Stored records
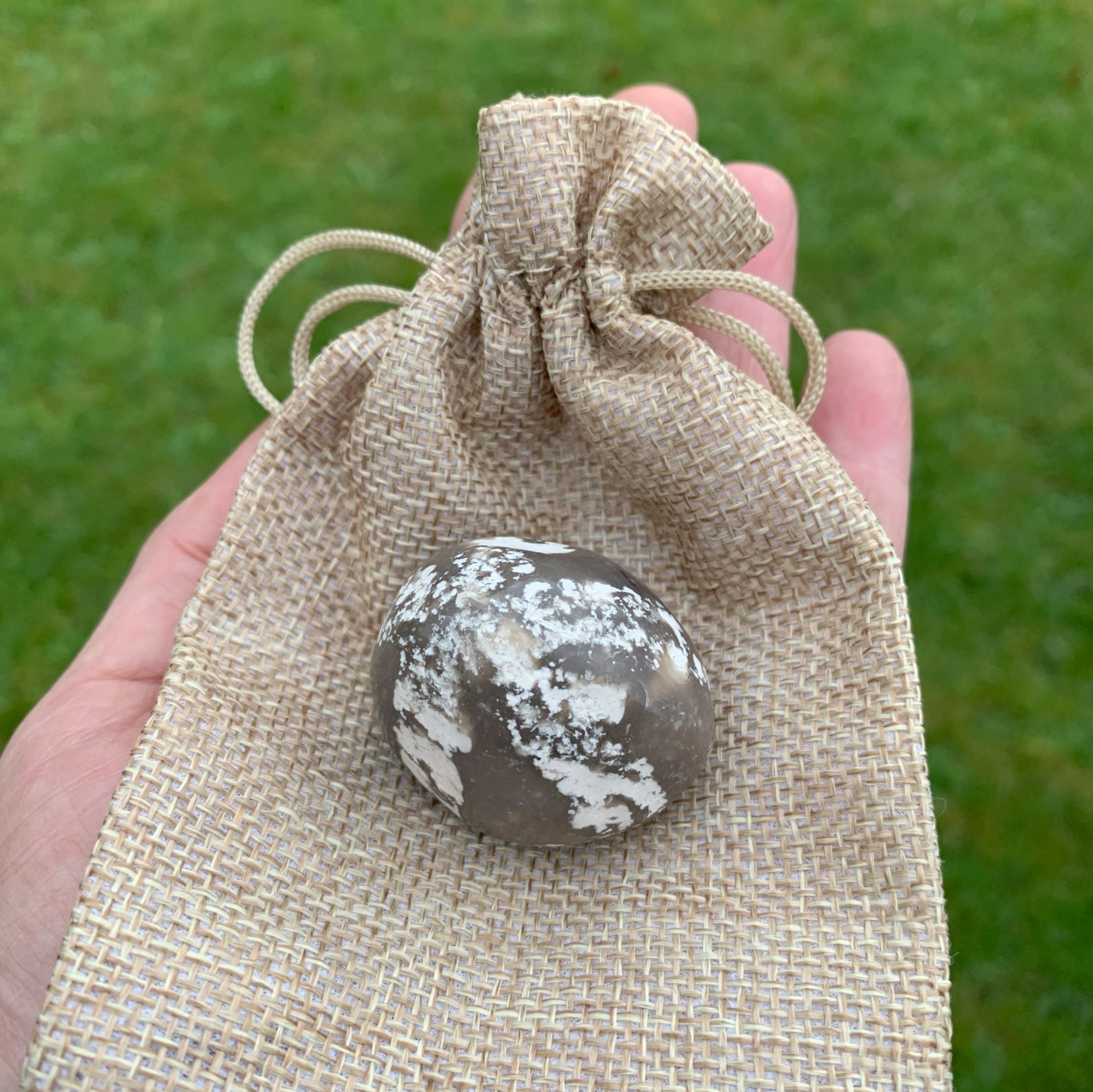 Der medfølger en lille naturfarvet sæk med snørelukning, lige som på billedet.
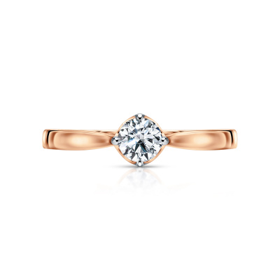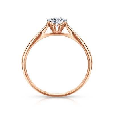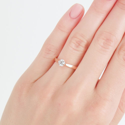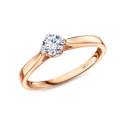 Кольцо с 1 бриллиантом природным, 0.32 карат, огранка круг 57 граней, цвет 3, чистота 6, тип огранки А; Розовое золото 585 пробы.
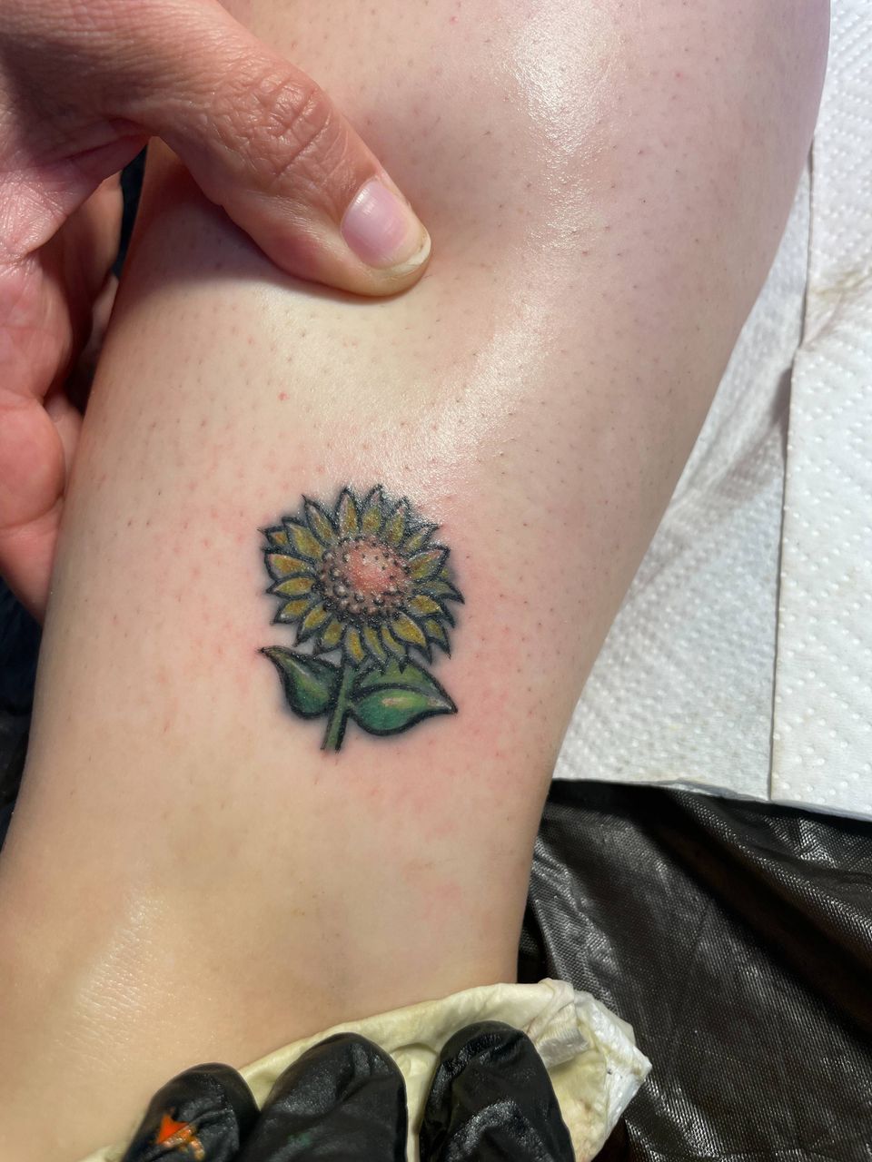 Den lille solsikke har fået nyt liv, og selv om motivet er så uambitiøst som kun en opfrisket 90’er-blomst kan være, så står det alligevel rimeligt klart: Når nålen går i gang, kan man ikke gemme sig – og måske er det netop pointen.
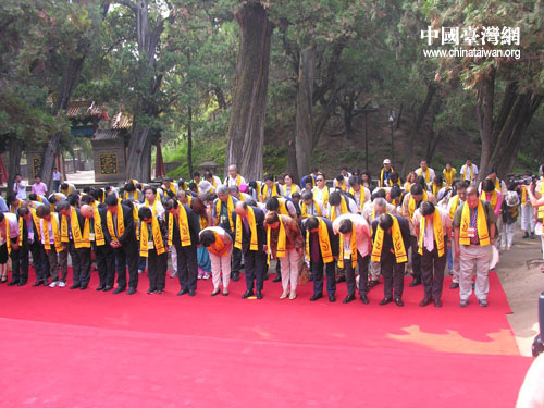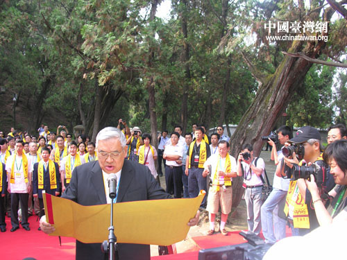 中國臺灣網(wǎng)7月19日陜西黃陵縣消息 7月19日上午,參加“情系長安——兩岸文化聯(lián)誼行”活動的160余位兩岸文化界人士,在黃帝陵恭祭軒轅黃帝。臺灣嘉賓團顧問、臺灣世新大學教授、中華民俗藝術(shù)基金會董事長曾永義恭讀祭文。以下為祭文全文。
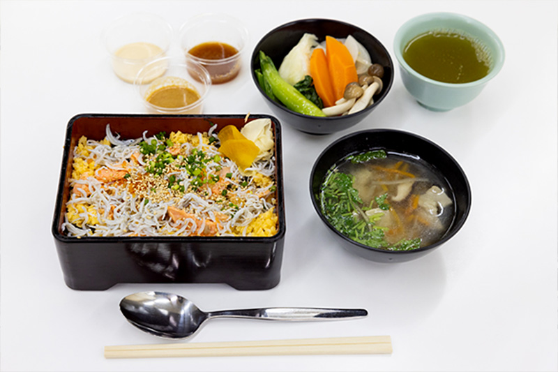 この日のメニューは鮭しらす重と豚汁で、温野菜には3種のドレッシング付。驚きの200円です!
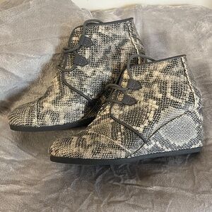 NWOB Tom's Kala Faux Snake Skin Wedge Ankle Boots Size 9 Womens
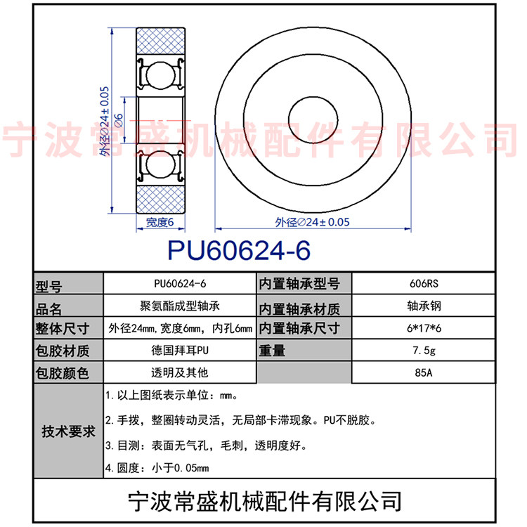 Polyurethane wheel roller PU60624-6 rubber roller forming bearing wear and quiet
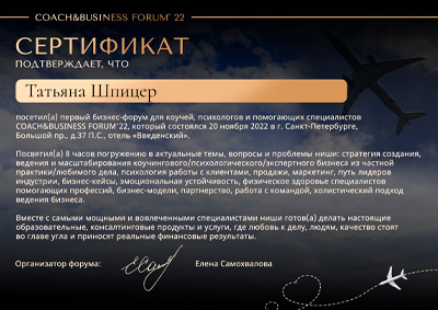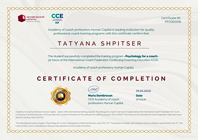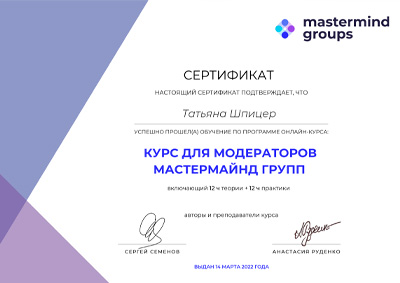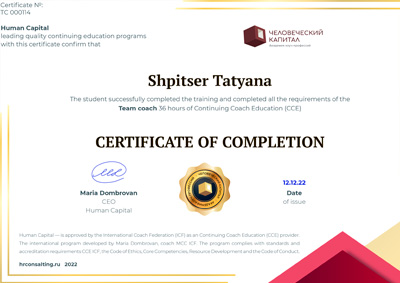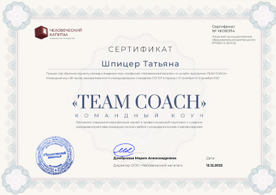 Вся команда детского языкового центра Умная Среда в лице руководителя Кобозовой Юлии Александровны выражает огромную благодарность в проведении командной коуч сессии Шпицер Татьяне. Запрос был от лидера команды на сплочение и постановку общих целей, создание безопасной среды для открытого диалога. Для нашей команды это был первый опыт, спасибо Татьяне за атмосферу доверия как в онлайн так и офлайн встречах и сессиях. Нам было страшно начинать, так как поднимаются скрытые и глубинные проблемы, раскрыв, которые уже нельзя свернуть назад, но с поддержкой Татьяны мы смогли начать!! Благодарю за профессионализм, эмпатию и реальную помощь.

§ **Exercise directions**
All lines above starting at the one with "Кольцо с 1 бриллиантом" and ending at the one with "Polyurethane wheel roller", inclusive, are to be printed again exactly, with the pictures left out.

§ **Exercise solution**
 Кольцо с 1 бриллиантом природным, 0.32 карат, огранка круг 57 граней, цвет 3, чистота 6, тип огранки А; Розовое золото 585 пробы.
 Den lille solsikke har fået nyt liv, og selv om motivet er så uambitiøst som kun en opfrisket 90’er-blomst kan være, så står det alligevel rimeligt klart: Når nålen går i gang, kan man ikke gemme sig – og måske er det netop pointen.
 中國臺灣網(wǎng)7月19日陜西黃陵縣消息 7月19日上午,參加“情系長安——兩岸文化聯(lián)誼行”活動的160余位兩岸文化界人士,在黃帝陵恭祭軒轅黃帝。臺灣嘉賓團顧問、臺灣世新大學教授、中華民俗藝術(shù)基金會董事長曾永義恭讀祭文。以下為祭文全文。
 この日のメニューは鮭しらす重と豚汁で、温野菜には3種のドレッシング付。驚きの200円です!
 NWOB Tom's Kala Faux Snake Skin Wedge Ankle Boots Size 9 Womens
 Polyurethane wheel roller PU60624-6 rubber roller forming bearing wear and quiet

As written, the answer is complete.